Lois Taylor, whose gardening column
usually runs in this space, has the day off.
Ever Green returns next week.

Geoffrey Burnie photographs flora at Lyon Arboretum,
while his assistant Roger Harris takes notes.
By Dennis Oda, Star-Bulletin
Burnie, who was visiting here last week, is gardening editor of the Australian edition of Better Homes and Gardens magazine and is a garden photographer and horticulturist. The Australian magazine, Burnie said, devotes more space to gardening and less to crafts and interior design than its U.S. counterpart.
"When I became garden editor in 1986, I realized that while the former editor had a huge photo library, he was more interested in colors and individual plants. I had the big picture in gardening, so I got started taking my own. I bought a good camera and practiced a lot."
He now provides most of the photos for his writing. While Burnie's articles have to apply to all of Australia's climates, from cool temperate to tropical, his own preference is for tropical plants. "The interior of Australia is very dry, but most of the population is around the edges. That means there are fewer extremes of temperature, and big difference is in the amount of rainfall.
"People living there seem to think that Australia is cooler than it really is, and they struggle to grow little English gardens," he said. "It doesn't work. The heat knocks them out, but people tend to go ahead and replant."
Tropicals, in many areas, would be more appropriate. Burnie suggests that you think of a garden as a living system, that you don't install it all at once like furniture in a new house. "You have to visualize what the garden will look like in 10 years," Burnie said.
"That lovely little tree from the garden shop will be 80 feet tall, and you have to know about this," he said. "Plants, after all, are totally predictable. It's just like buying kitchen counters, except that they grow bigger.
"People buy plants without thinking. You wouldn't say to yourself, 'I must have that knob,' and then buy it and forever wonder where to put it."
Gardening, he said, is about the single most popular pastime in Australia. "But when you walk down a suburban street, you'd never guess.

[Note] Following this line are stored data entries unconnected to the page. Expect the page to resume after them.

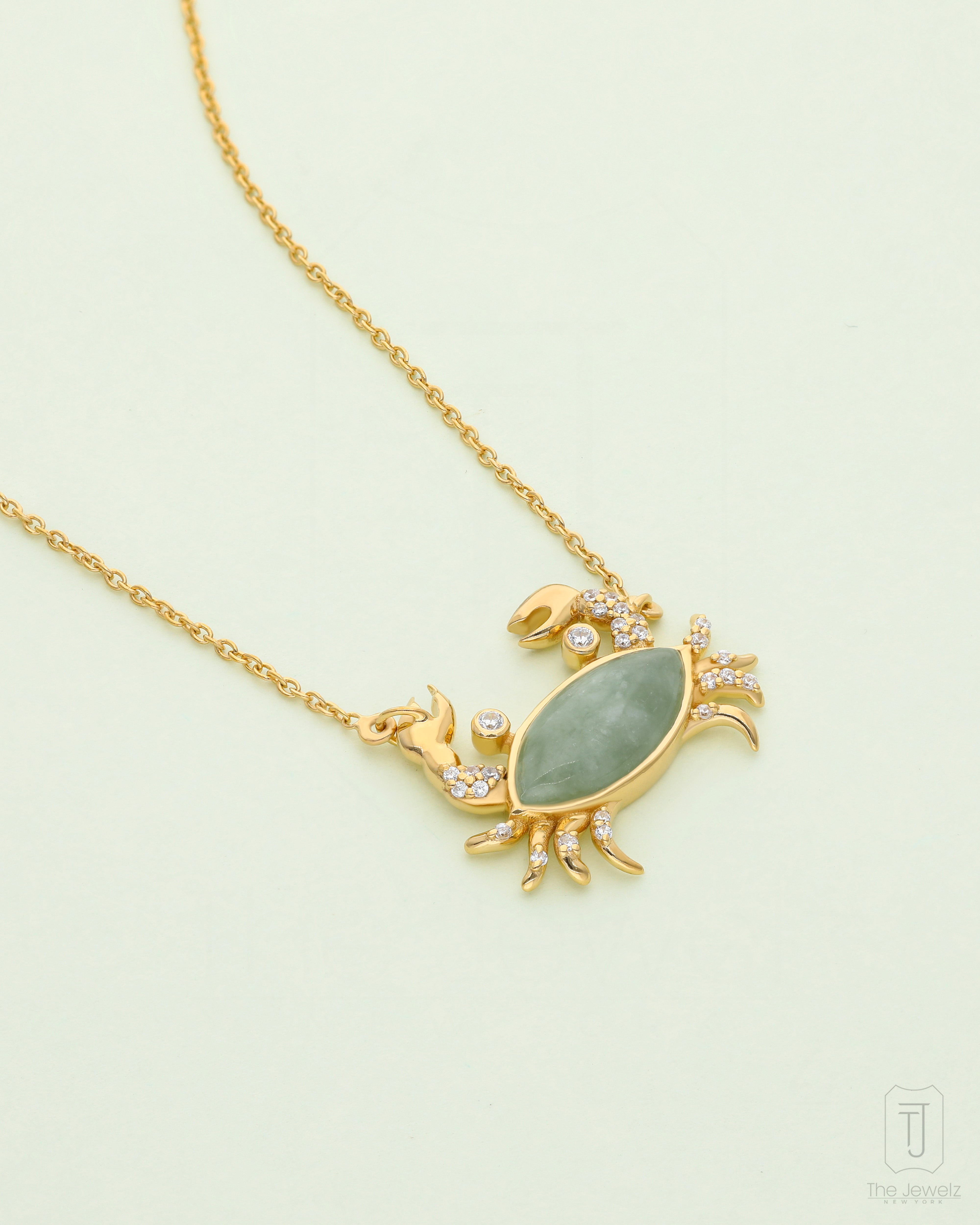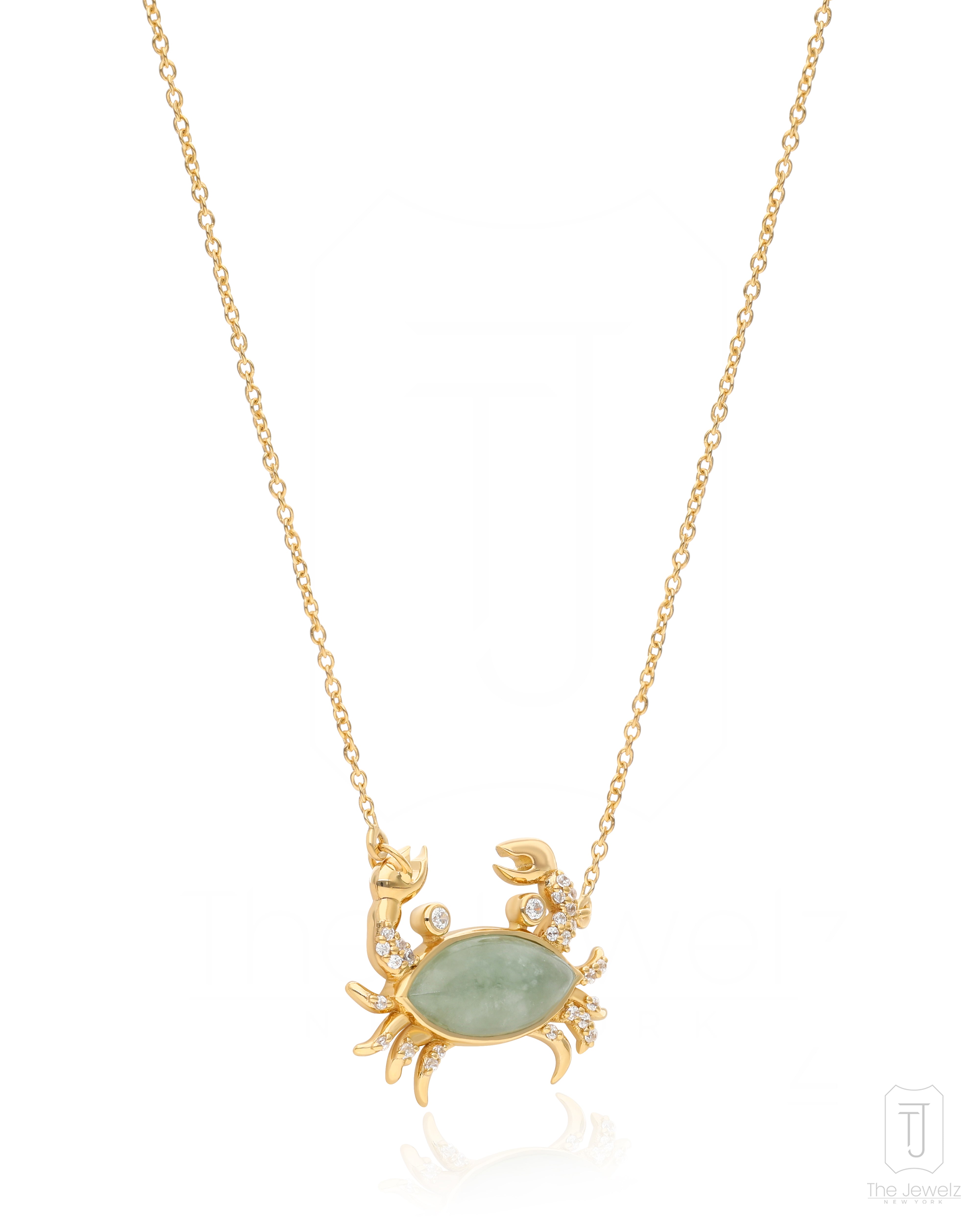 The Crab Flow Necklace is where oceanic charm meets effortless elegance, featuring a delicately crafted crab motif that cradles a stunning Aventurine stone, renowned as the "Stone of Opportunity." Drape yourself in a piece that balances whimsical design with talismanic charm, perfect for those who flow through life with grace, strength, and a hint of sparkle.
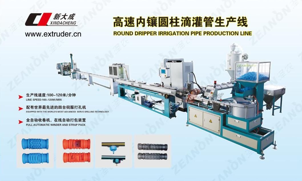 High-speed flat drip irrigation pipe production line, high speed round drip irrigation pipe production line, strap production line, Krah-pipe production line, Large caliber PE pipe production line, corrugated pipe production line.
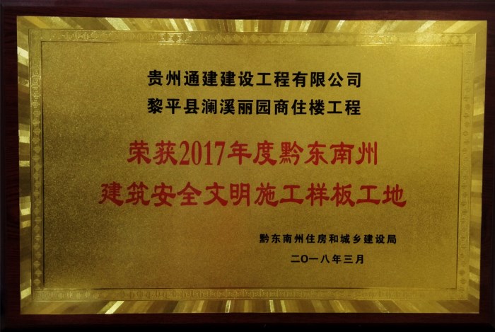 位于黎平县德凤街道西门冲的阑溪丽圆商住楼,是贵州通建建设工程有限公司承建的重点工程项目“阑溪丽圆公租房建筑群”的缩影,也是我公司精心打造的形象样板工程的一个亮点,经公司全体员工的共同努力,“阑溪丽圆商住楼工程”被评为黔东南州“建筑安全文明施工样板工地”,填补了公司在州一级示范工程评比中中奖的空白。

There are some pathetic attempts at landscaping by people who haven't thought through a real plan."
His own garden, located on a headland above Manly Bay near Sydney, is largely planted in Australian natives. "The soil is fairly sandy, so I am limited in the choice of exotic plants. It is windy, and there is no land between my property and the northwest coast of Antarctica."
Burnie recommends group plantings in a home garden, avoiding "a little of this and a little of that." The reason is simplicity, he said. "You should know something about each plant in your garden - fertilizer, water, sun, insect control - and the more plants you have, the more you have to learn. And as you learn, you can add more plants."

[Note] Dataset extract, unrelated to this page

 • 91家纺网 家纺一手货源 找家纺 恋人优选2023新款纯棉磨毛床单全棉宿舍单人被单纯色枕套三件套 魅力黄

This goes back to his statement that he loves gardens but he isn't wild about gardening. "I will garden, but it is the finished result that is the goal, not the process itself. Too many garden writers make it out to be terribly hard work, but I don't think it has to be. It's a matter of the right plant in the right place."

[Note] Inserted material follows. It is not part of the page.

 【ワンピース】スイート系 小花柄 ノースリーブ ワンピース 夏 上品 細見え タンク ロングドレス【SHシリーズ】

The first place to look is in a neighbor's yard. What grows well there should grow well for you since you share the same soil and climate. "So plant a bank of it. If it gets boring, pull it out and plant something else. You don't want to give your life to garden maintenance," he said.
A backyard, Burnie says, should be like a structure, with hedges as walls, and different areas for separate purposes. First, define your problems. In his case, they were arctic winds and a lack of privacy. Burnie uses hedges as windbreaks and to screen out a nearby house.
Think about the uses of your garden. "Do I want to have lunch in my garden? Then I need a shady area at noon. Make your garden into rooms. Habitable, sensible outdoor space comes only with studying the building materials - the plants - you are using."
The non-native plants in Burnie's garden are often introductions from South Africa, particularly bulbs. While a few of them might do well here, he said he was reluctant to recommend them because in our climate they could multiply at a fierce rate and become weeds.
Burnie travels with his assistant, Roger Harris, and they appear to be the contemporary Sherlock Holmes and Dr. Watson. Burnie does the deduction, deciding what to photograph and how, and Harris keeps meticulous records of plant material and camera settings.
Burnie uses a Nikkon F-98 camera, and gives this advice to garden photographers:
Avoid bright sun where there is deep shade. Film can't handle the two at once. You can photograph a scene in full sun or full shade, but not at the same time.
Photograph early in the morning or late in the afternoon when the light is soft and diffused, or at midday if there is a light cloud cover.
Before you snap the photo, look through the view finder and ask yourself, "What is this picture about?" If you can't find an answer, it won't be a good picture.
When you are walking through your garden and you see something that makes you think, "That's a good picture," distill what it is that caught your attention, and photograph just that.
Photography is like gardening, Burnie says. Figure out first what you want the result to be, and then create it.